▸ Work required: Begin at the line below that has "August: Stockrosen als" and stop after the line that has "Questo dipinto su". Please restate only those lines, word for word.

▸ Record excerpts:
== Segment start ==

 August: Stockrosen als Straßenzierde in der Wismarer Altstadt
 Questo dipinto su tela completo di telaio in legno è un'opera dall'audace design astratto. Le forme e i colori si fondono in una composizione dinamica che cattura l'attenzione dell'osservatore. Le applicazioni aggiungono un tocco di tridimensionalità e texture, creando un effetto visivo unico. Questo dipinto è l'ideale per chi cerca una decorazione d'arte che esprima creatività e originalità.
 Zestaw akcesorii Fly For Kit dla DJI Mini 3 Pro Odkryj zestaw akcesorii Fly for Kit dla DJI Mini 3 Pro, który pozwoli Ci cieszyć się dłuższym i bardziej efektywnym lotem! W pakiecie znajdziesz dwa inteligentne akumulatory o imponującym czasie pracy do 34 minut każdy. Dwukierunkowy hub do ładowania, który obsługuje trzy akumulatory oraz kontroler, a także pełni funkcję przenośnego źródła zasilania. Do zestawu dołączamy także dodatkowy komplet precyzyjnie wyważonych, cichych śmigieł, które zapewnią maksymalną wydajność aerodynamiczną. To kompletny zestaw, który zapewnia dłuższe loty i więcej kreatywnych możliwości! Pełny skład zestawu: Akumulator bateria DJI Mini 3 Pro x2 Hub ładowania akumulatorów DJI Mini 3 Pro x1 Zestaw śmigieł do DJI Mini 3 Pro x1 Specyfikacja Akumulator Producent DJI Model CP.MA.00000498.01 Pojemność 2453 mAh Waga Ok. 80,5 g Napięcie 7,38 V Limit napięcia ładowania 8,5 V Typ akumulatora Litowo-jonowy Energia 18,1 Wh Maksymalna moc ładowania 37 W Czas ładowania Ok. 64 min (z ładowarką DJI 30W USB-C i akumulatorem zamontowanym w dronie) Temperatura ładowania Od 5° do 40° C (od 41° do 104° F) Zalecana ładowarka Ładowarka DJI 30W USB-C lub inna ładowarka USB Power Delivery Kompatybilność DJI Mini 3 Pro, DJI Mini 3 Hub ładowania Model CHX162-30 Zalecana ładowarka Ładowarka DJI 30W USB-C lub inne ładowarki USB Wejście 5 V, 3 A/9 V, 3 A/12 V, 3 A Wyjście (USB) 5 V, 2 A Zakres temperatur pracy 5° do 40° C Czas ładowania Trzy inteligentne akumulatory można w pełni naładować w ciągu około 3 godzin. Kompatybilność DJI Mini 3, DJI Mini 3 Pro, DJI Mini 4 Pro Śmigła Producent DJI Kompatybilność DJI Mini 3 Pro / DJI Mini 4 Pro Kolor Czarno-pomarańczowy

== Segment end ==
== Segment start ==

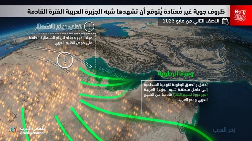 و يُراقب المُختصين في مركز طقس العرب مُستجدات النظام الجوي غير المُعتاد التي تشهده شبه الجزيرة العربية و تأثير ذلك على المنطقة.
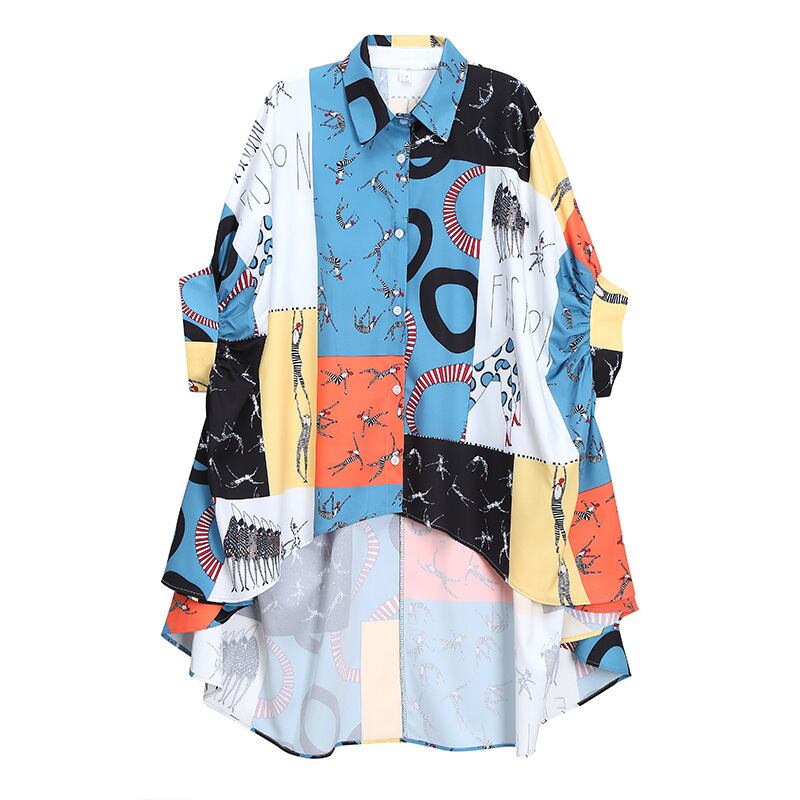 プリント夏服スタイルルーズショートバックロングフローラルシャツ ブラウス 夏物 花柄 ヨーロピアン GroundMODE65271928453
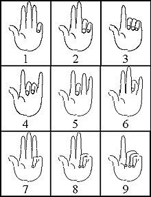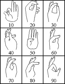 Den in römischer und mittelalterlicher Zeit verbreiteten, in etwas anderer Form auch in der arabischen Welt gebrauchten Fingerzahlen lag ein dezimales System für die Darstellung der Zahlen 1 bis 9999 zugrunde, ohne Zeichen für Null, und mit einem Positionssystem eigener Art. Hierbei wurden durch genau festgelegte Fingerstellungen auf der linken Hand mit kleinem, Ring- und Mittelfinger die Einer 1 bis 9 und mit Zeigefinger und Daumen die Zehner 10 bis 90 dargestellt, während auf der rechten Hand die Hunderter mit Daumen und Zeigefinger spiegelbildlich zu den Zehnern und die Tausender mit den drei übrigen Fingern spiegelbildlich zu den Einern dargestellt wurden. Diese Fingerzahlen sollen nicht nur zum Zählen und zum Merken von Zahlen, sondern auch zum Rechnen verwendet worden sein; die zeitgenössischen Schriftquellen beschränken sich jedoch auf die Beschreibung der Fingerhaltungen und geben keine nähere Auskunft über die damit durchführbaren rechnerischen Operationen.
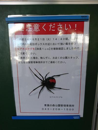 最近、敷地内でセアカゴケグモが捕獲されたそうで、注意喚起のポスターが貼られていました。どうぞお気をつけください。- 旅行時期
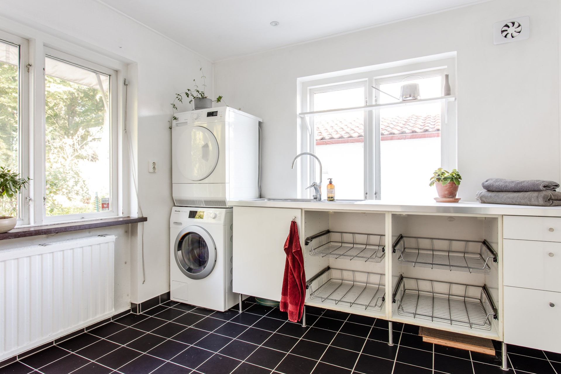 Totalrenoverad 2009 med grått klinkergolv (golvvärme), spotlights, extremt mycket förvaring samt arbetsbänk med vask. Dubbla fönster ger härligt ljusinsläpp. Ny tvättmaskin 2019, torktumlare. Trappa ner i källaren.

== Segment end ==

▸ Task result:
 August: Stockrosen als Straßenzierde in der Wismarer Altstadt
 Questo dipinto su tela completo di telaio in legno è un'opera dall'audace design astratto. Le forme e i colori si fondono in una composizione dinamica che cattura l'attenzione dell'osservatore. Le applicazioni aggiungono un tocco di tridimensionalità e texture, creando un effetto visivo unico. Questo dipinto è l'ideale per chi cerca una decorazione d'arte che esprima creatività e originalità.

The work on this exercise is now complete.